-------- THE DATA --------

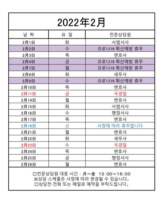 신종 코로나바이러스 감염 확산 예방 대책의 일환으로 2/1~2/10 의 업무 일정이 변경되었습니다.
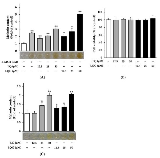 First, we examined the effects of LQ and LQG on melanin synthesis in murine melanoma B16-F1 cells. The cells were treated with LQ or LQG at several doses (12.5, 25, or 50 μM) for 72 h, then the melanin content was determined using a melanin-content assay. The α-MSH was used as a positive control [47,48]. LQ and LQG significantly increased melanin content in a dose-dependent manner, as shown in Figure 2A. The color of cell pellets lysed with 1 M NaOH was darker after treatment with LQ and LQG. In addition, we measured the cytotoxicity of LQ and LQG in B16-F1 cells using the MTT assay. As shown in Figure 2B, LQ and LQG did not affect cell viability at concentrations that increased melanin content, clearly indicating that their effects were not attributable to cell proliferative activities. Furthermore, we observed the effects of LQ and LQG on melanin synthesis in human melanoma HMVII cells (Figure 2C). LQ and LQG increased melanin production and darkened the cell pellets in a similar manner as in the B16-F1 cells. Melanin synthesis by LQG was higher than that by LQ in both cell lines.
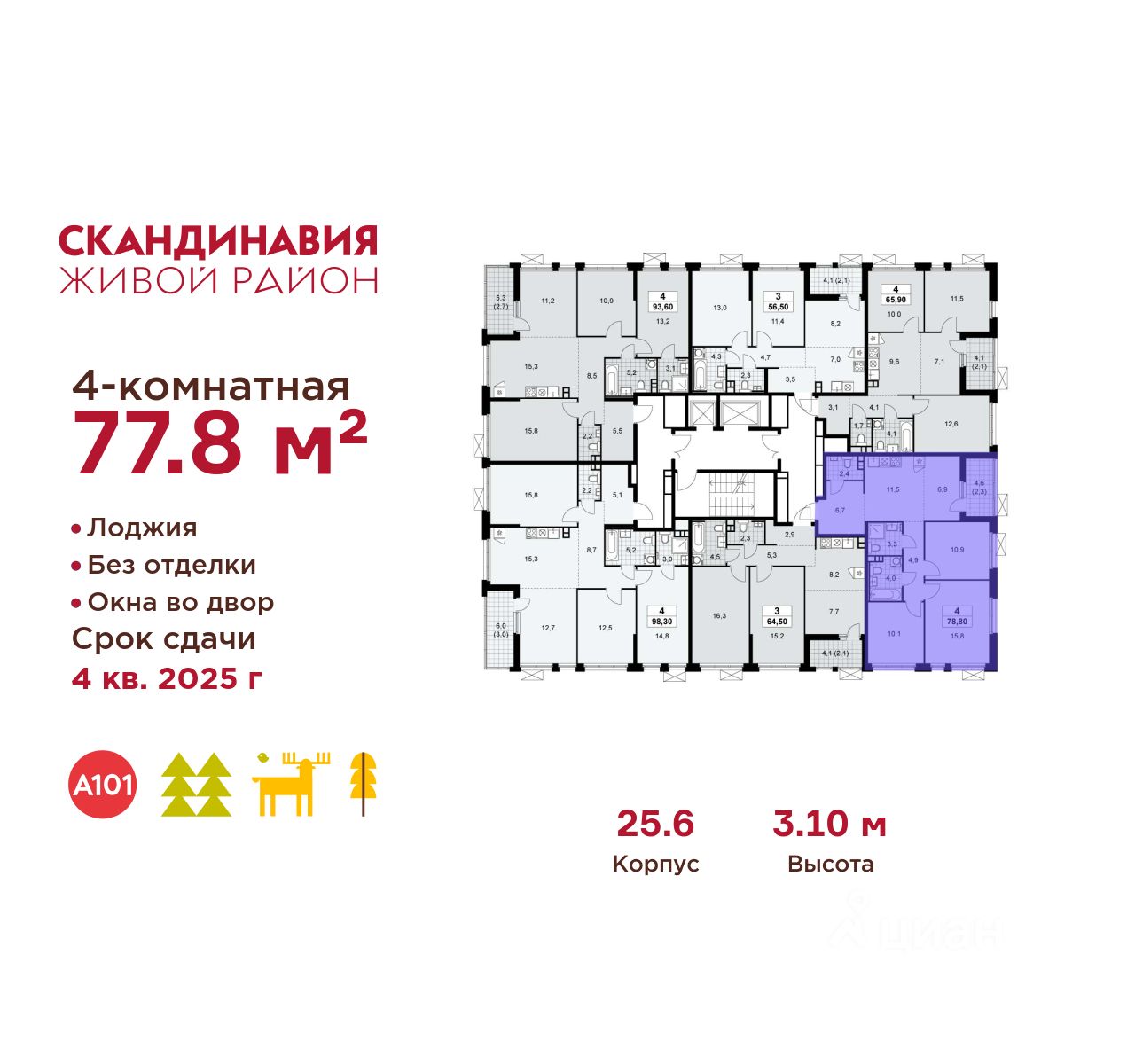 Продается четырехкомнатная квартира 1020 в новостройке Жилой район "Скандинавия" по адресу Москва, ТиНАО, Новомосковский АО, Сосенское С/П, Коммунарка пос., жилой комплекс Скандинавия, 25.6, район Коммунарка, Новомосковский административный округ, Москва. Общая площадь квартиры - 77.80 кв. м., этаж 16 из 17, секция 11. Тип проекта, по которому построен дом - монолит, компания-застройщик - ООО "А101". Стоимость квартиры - 30929390 Р. Срок сдачи - 1 квартал 2026.
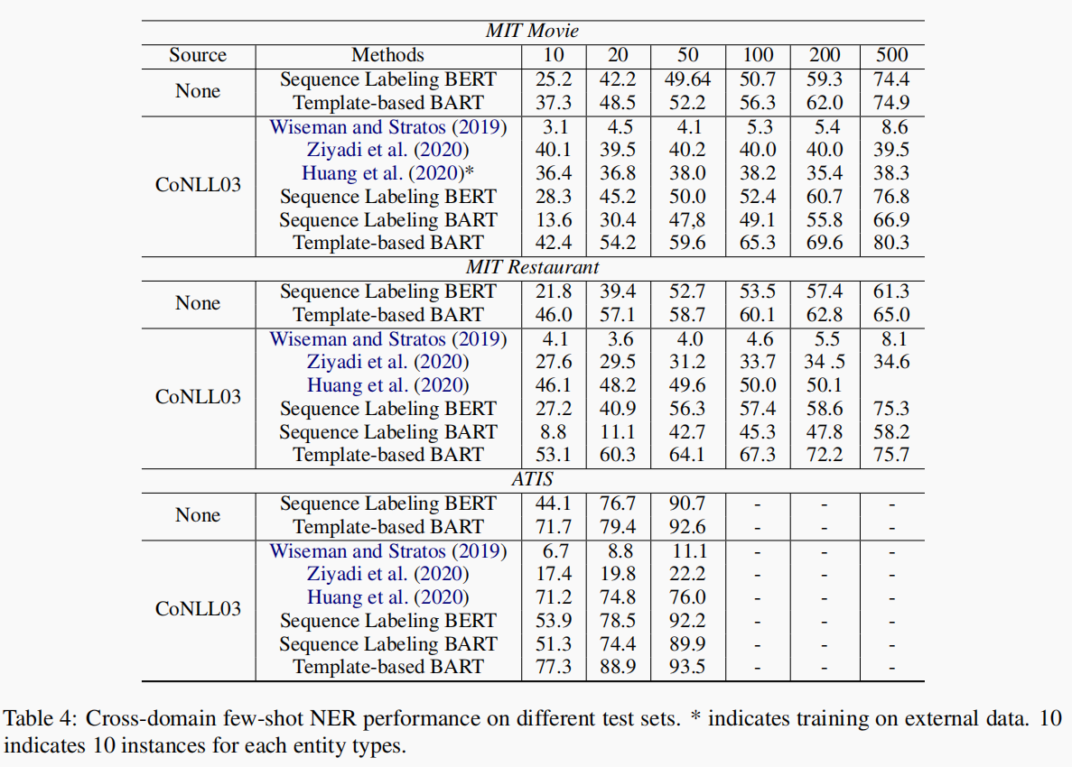本文在in-domain的设置下仅仅对四种类型实体中的两种使用了少样本设置,实验结果如下表,带*的表示少样本类别。
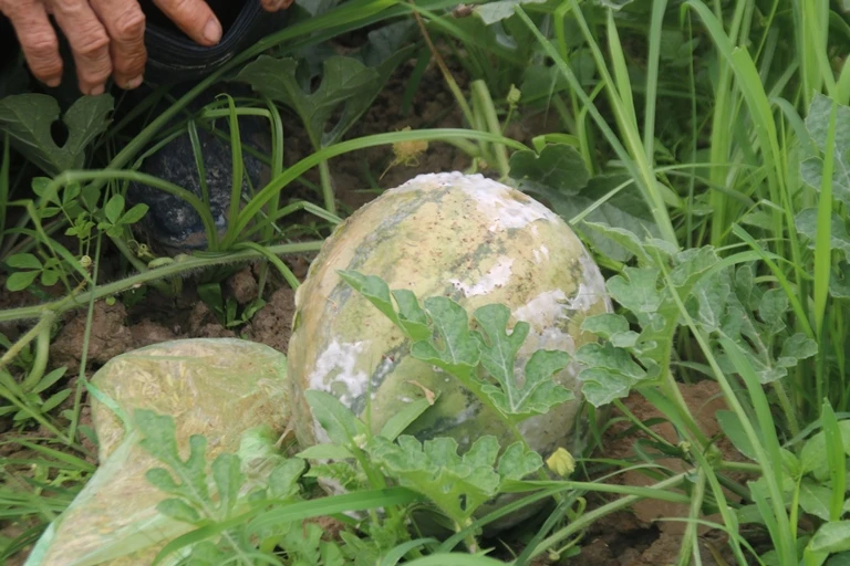 Dưa chín quá mức, không kịp thu hoạch vì thương lái không đến mua, dẫn đến hư hỏng.
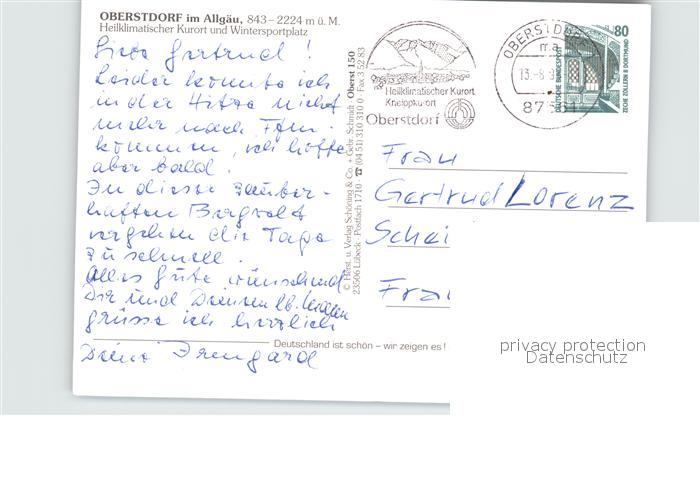 72613450 alte Postkarte Oberstdorf Gesamtansicht mit Alpen postalisch gelaufen Erhaltung siehe scans [AndreD76] KatCode: 11110009780133

--------

» WHAT THE TASK REQUIRES
Write out exactly the lines from the one containing "Dưa chín quá" to the last line of the records above, both included, and leave out any pictures.

» ANSWER SPACE
 Dưa chín quá mức, không kịp thu hoạch vì thương lái không đến mua, dẫn đến hư hỏng.
 72613450 alte Postkarte Oberstdorf Gesamtansicht mit Alpen postalisch gelaufen Erhaltung siehe scans [AndreD76] KatCode: 11110009780133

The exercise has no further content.